This repository contains the code and data set of the polyBERT paper, which can be accessed on Nature Communications and arXiv. polyBERT is a large chemical language machine learning model that has learned the PSMILES chemical language of polymers. It generates polymer fingerprints (PSMILES-based) quickly, facilitating rapid polymer informatics and machine-driven property predictions. polyBERT is compatible with GPUs and CPUs, and can easily scale on cloud systems.
Abstract: Polymers are a vital part of everyday life. Their chemical universe is so large that it presents unprecedented opportunities as well as significant challenges to identify suitable application-specific candidates. We present a complete end-to-end machine-driven polymer informatics pipeline that can search this space for suitable candidates at unprecedented speed and accuracy. This pipeline includes a polymer chemical fingerprinting capability called polyBERT (inspired by Natural Language Processing concepts), and a multitask learning approach that maps the polyBERT fingerprints to a host of properties. polyBERT is a chemical linguist that treats the chemical structure of polymers as a chemical language. The present approach outstrips the best presently available concepts for polymer property prediction based on handcrafted fingerprint schemes in speed by two orders of magnitude while preserving accuracy, thus making it a strong candidate for deployment in scalable architectures including cloud infrastructures.
The trained polyBERT model is available at the Hugginface hub for download.
If want to generate polymer fingerprints from PSMILES strings with polyBERT, I strongly recommend using the psmiles
Python package. It takes care of downloading polyBERT, canonicalization of PSMILES strings, and computing polyBERT fingerprints. Please see the PSMILES on GitHub.

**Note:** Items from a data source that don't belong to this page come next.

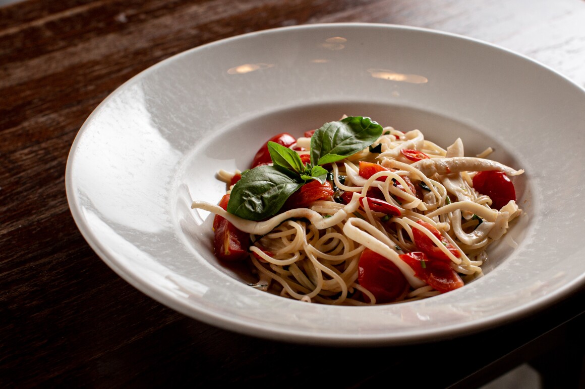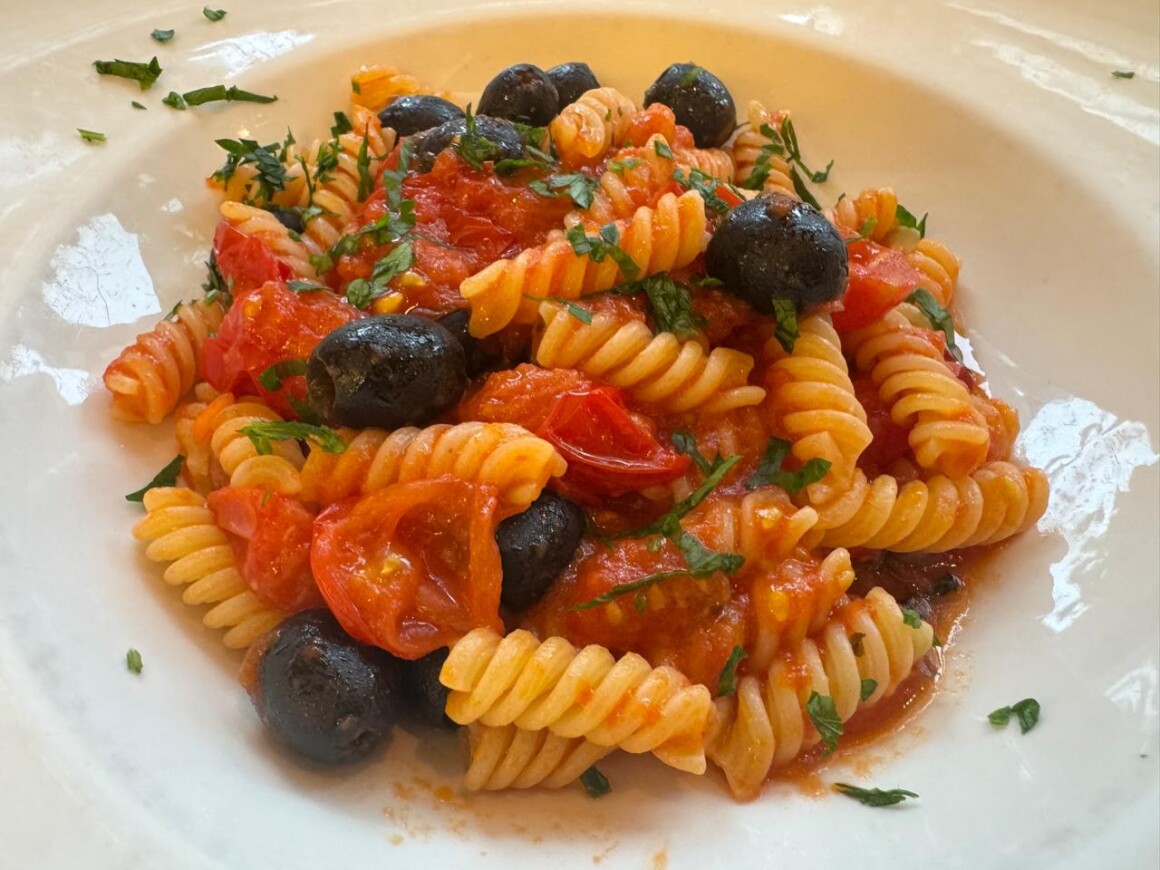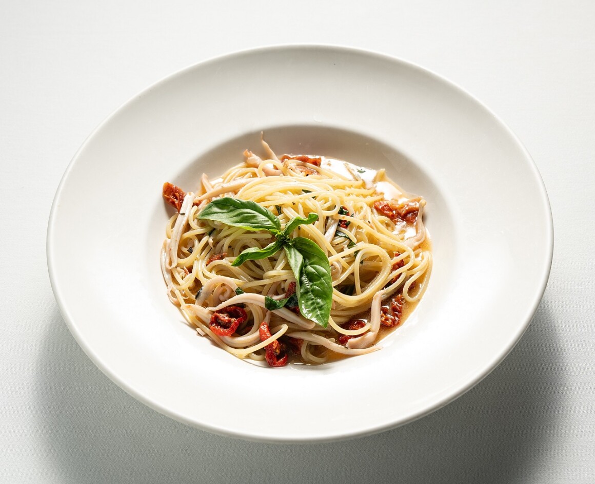 - Паста с кальмарами, вином, чесноком, помидорами черри, перцем чили и базиликом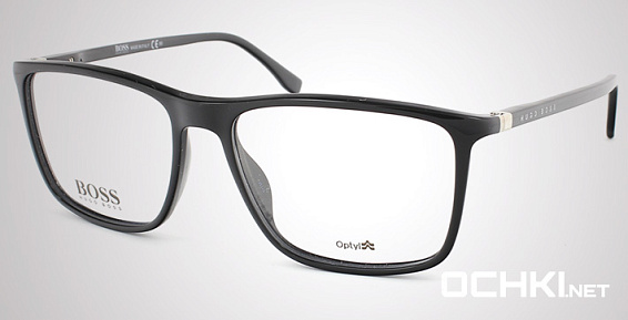 Прямоугольные очки, из материала пластик и цвете черный помогут понять основные черты новой коллекции оправ модного бренда HUGO BOSS.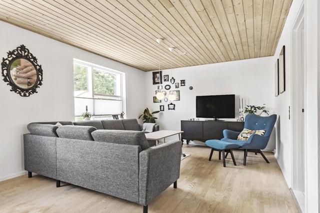 Dejligt lys stue, med vinduerne mod øst og massivt trægulv, som i køkken og stue. Fra tv-stuen er der indgang til værelse. Værelset er med indbygget skab og med en størrelse som gør det ideelt som soveværelse. Fra stuen går man videre ud til entréen fra Stationsvej, som har opgang til 1. sal.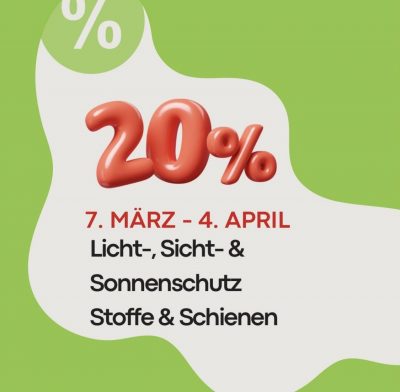 Vom 7. März bis zum 4. April 2026 schenken wir Ihnen 20 % Rabatt auf ausgewählte Licht‑, Sicht‑ und Sonnenschutzlösungen sowie auf hochwertige Stoffe und Schienen.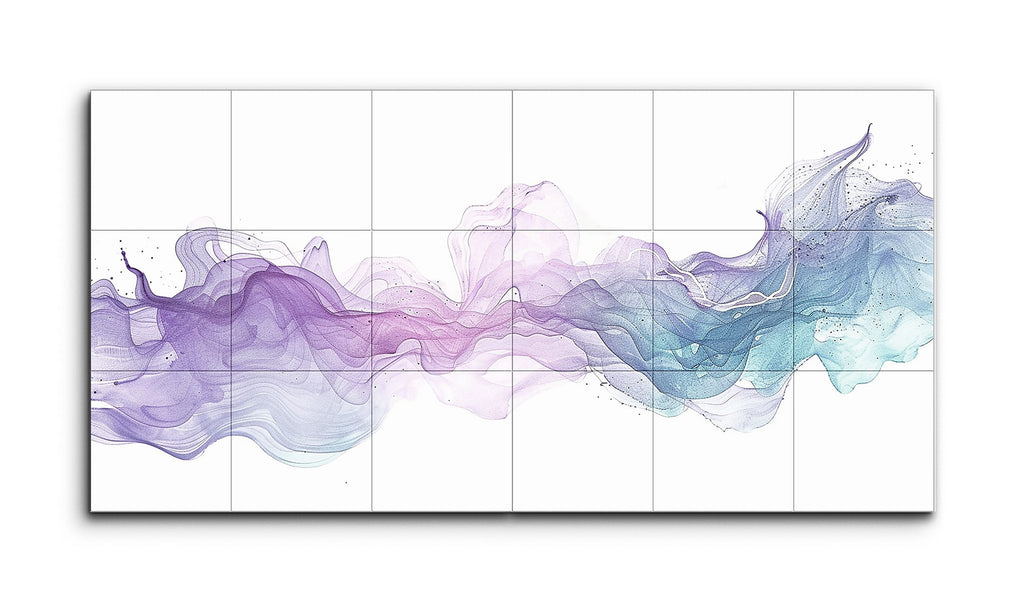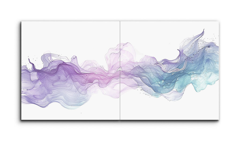 This diptych tile mural features an abstract design with fluid, swirling forms reminiscent of smoke. The artwork conveys movement and ethereality through its soft pastel palette of purple, pink, and blue, which blend seamlessly to create a harmonious gradient. Organic, flowing shapes overlap with transparent layers, adding depth and complexity. The contemporary style, possibly linked to digital art techniques, offers a calming and meditative visual experience.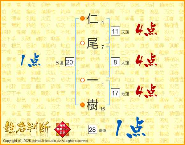 仁(4画)尾(7画) 一(1画)樹(16画)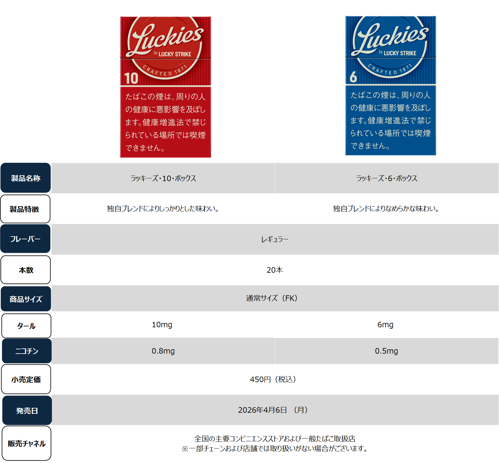 ブリティッシュ・アメリカン・タバコ・ジャパン合同会社(本社:東京都港区、代表:マウリシオ・ララ、以下「BATジャパン」)は、紙巻たばこ、ラッキー・ストライクの新シリーズ「ラッキーズ(Luckies)」から「ラッキーズ・10・ボックス」と「ラッキーズ・6・ボックス」の2銘柄を2026年4月6日より450円(税込)で全国発売します。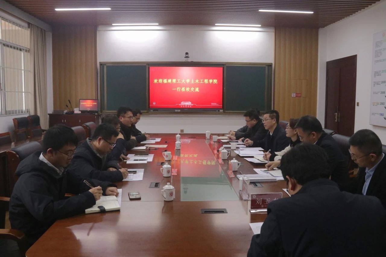 2月21日下午,福建理工大学土木工程学院院长王刚、校研究生处副处长花能斌、土木工程学院副院长陈军浩等一行5人到访我院,在博东110与太阳成城集团tyc234cc党政班子开展座谈交流。我校学科建设与研究生工作处处长李建辉、副处长刘冉等参加了座谈会。座谈会由太阳成城集团tyc234cc党委书记林晓主持。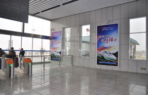 | 靈寶西高鐵站進出站通道廣告(bd) 位 置 進出站通道兩側 規 格 2.4米*1.2米=2.88平方米 數量 十六塊 |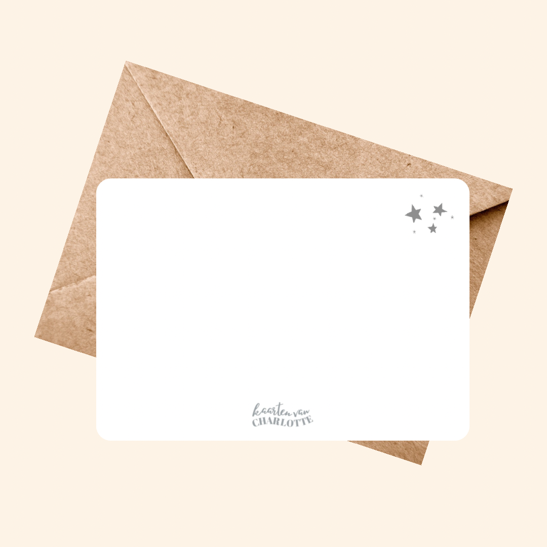 De kaart wordt met enveloppe van kraftpapier geleverd. A6-formaat. Getekend door Charlotte.

The data set contains 100 million hypothetical polymers each with 29 predicted properties using polyBERT. It is openly available at Zenodo.
The data set is sharded into smaller chunks (each has about 115MB) for better and faster processing. If you want to download all files, I recommend using zenodo-get
.
pip install zenodo-get
mkdir polyOne && cd polyOne
zenodo_get 7124188
This will download all files to the current directory. I recommend using dask (pip install dask
) to load and process the data set. For example, compute the data set description:
import dask.dataframe as dd
ddf = dd.read_parquet("*.parquet", engine="pyarrow")
df_describe = ddf.describe().compute()
print(df_describe)
In case you want to train polyBERT from scratch.
-
Make sure Poetry is installed
-
Clone the code and install the Python environment
git clone git@github.com:Ramprasad-Group/polyBERT.git
cd polyBERT
poetry config virtualenvs.in-project true
poetry install
-
Download the 100 million PSMILES strings from Zenodo and place it in the
polyBERT
directory. You need thegenerated_polymer_smiles_train.txt
andgenerated_polymer_smiles_dev.txt
files. -
Train the tokenizer
poetry run python train_tokenizer.py
. Make sure the path to the downloaded data files is correct. -
Tokenize the data set
poetry run python do_tokenize.py
. -
Train polyBERT
poetry run python train_transformer.py
. This can be very slow if you do not have access to GPUs.